Когда, казалось, угас последний отзвук песни, ее новый трепетный порыв словно пробудил дремлющую степь. И она благодарно слушала певца, обласканная родным ей напевом. Широким плесом колыхались спелые сизые хлеба, ждущие жатвы, и предутренние блики перебегали по полю. Могучая толпа старых верб на мельнице шелестела листвой, за речкой догорали костры полевых станов, и кто-то, как тень, бесшумно скакал по-над берегом, в сторону аила, то исчезая в садах, то появляясь опять. Ветер доносил оттуда запах яблок, молочно-парной медок цветущей кукурузы и теплый дух подсыхающих кизяков.

Долго, самозабвенно пел Данияр. Притихнув, слушала его зачарованная августовская ночь. И даже лошади давно уже перешли на мерный шаг, будто боялись нарушить это чудо.

И вдруг на самой высокой, звенящей ноте Данияр оборвал песню и, гикнув, погнал лошадей вскачь.

Я думал, что и Джамиля устремится за ним, и тоже приготовился, но она не шелохнулась. Как сидела, склонив голову на плечо, так и осталась сидеть, будто все еще прислушивалась к витающим где-то в воздухе звукам. Данияр уехал, а мы до самого аила не проронили ни слова. Да и надо ли было говорить? Ведь словами не всегда и не все выскажешь…

С этого дня в нашей жизни, казалось, что-то изменилось. Я теперь постоянно ждал чего-то хорошего, желанного. С утра мы грузились на току, прибывали на станцию, и нам не терпелось побыстрее выехать отсюда, чтобы на обратном пути слушать песни Данияра.
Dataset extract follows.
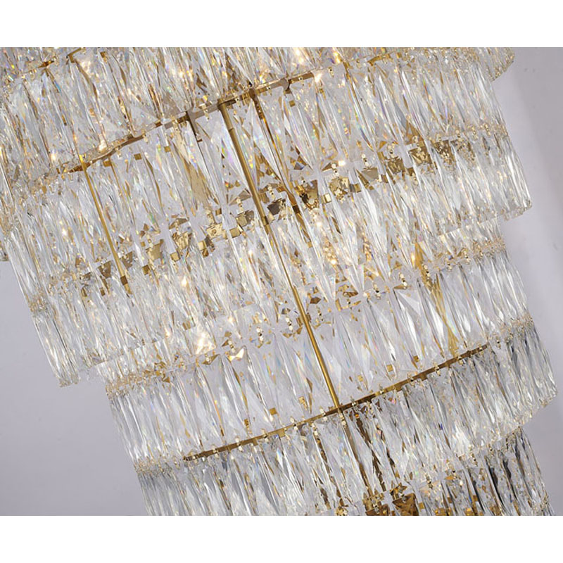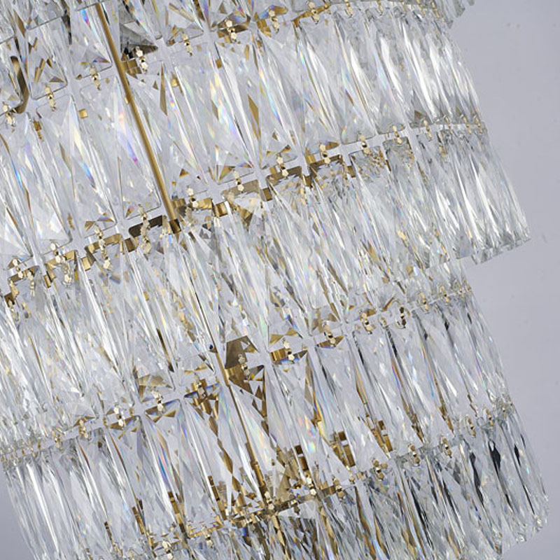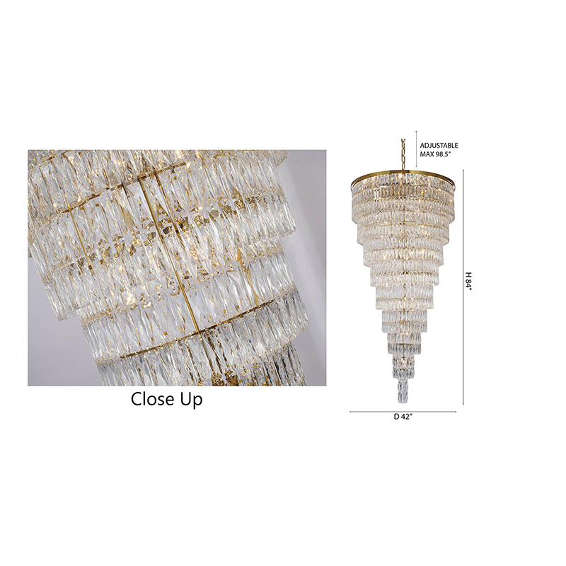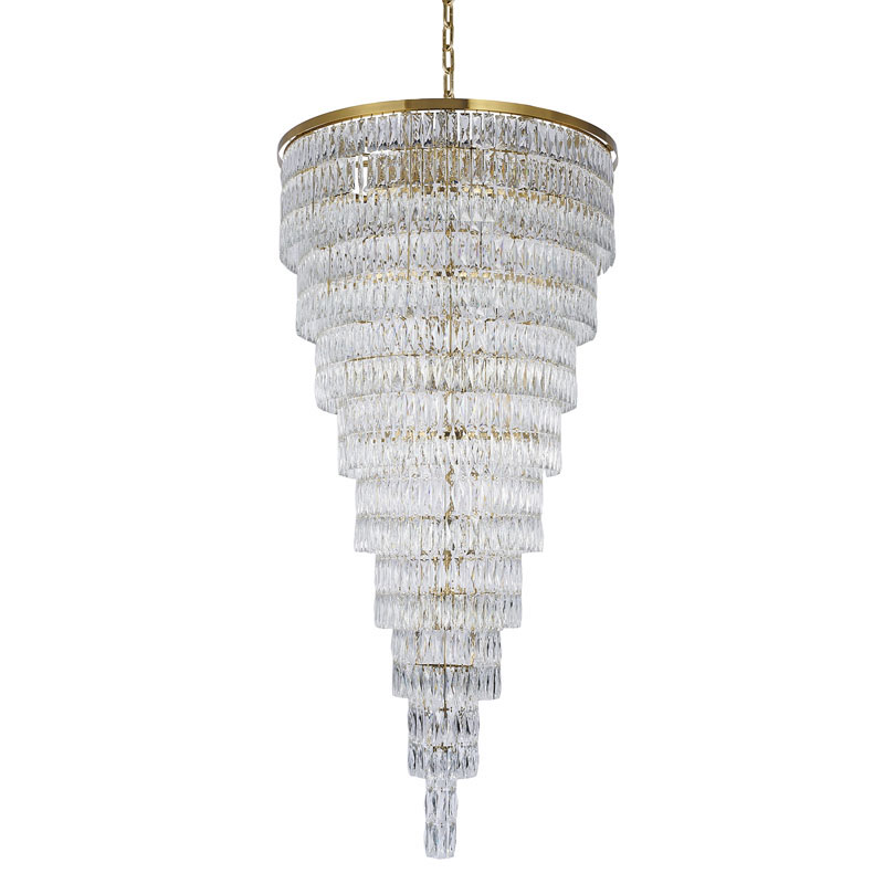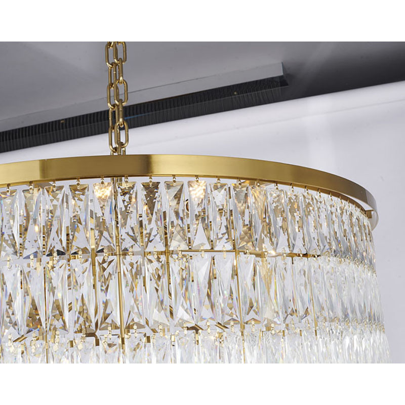 A GOLD NINE TIER CHANDELIER WITH CLEAR HANGING CRYSTALS

Его голос вселился в меня, он преследовал меня на каждом шагу: с ним по утрам я бежал через мокрый, росистый люцерник к стреноженным лошадям, а солнце, смеясь, выкатывалось из-за гор навстречу мне. Я слышал его голос и в мягком шелесте золотистого дождя пшеницы, подкинутой на ветер стариками веяльщиками, и в плавном, кружащем полете одинокого коршуна в степной выси, — во всем, что видел я и слышал, мне чудилась музыка Данияра.

А вечером, когда мы ехали по ущелью, мне каждый раз казалось, что я переношусь в иной мир. Я слушал Данияра, прикрыв глаза, и передо мной вставали удивительно знакомые, родные с детства картины: то проплывало в журавлиной выси над юртами весеннее кочевье нежных, дымчато-голубых облаков; то проносились по гудящей земле с топотом и ржанием табуны на летние выпасы, и молодые жеребцы с нестрижеными челками и черным диким огнем в глазах гордо и ошалело обегали на ходу своих маток; то спокойной лавой разворачивались по пригоркам отары овец; то срывался со скалы водопад, ослепляя глаза белизной всклокоченной кипени; то в степи за рекой мягко опускалось в заросли чия солнце, и одинокий далекий всадник на огнистой кайме горизонта, казалось, скакал за ним — ему рукой подать до солнца — и тоже тонул в зарослях и сумерках.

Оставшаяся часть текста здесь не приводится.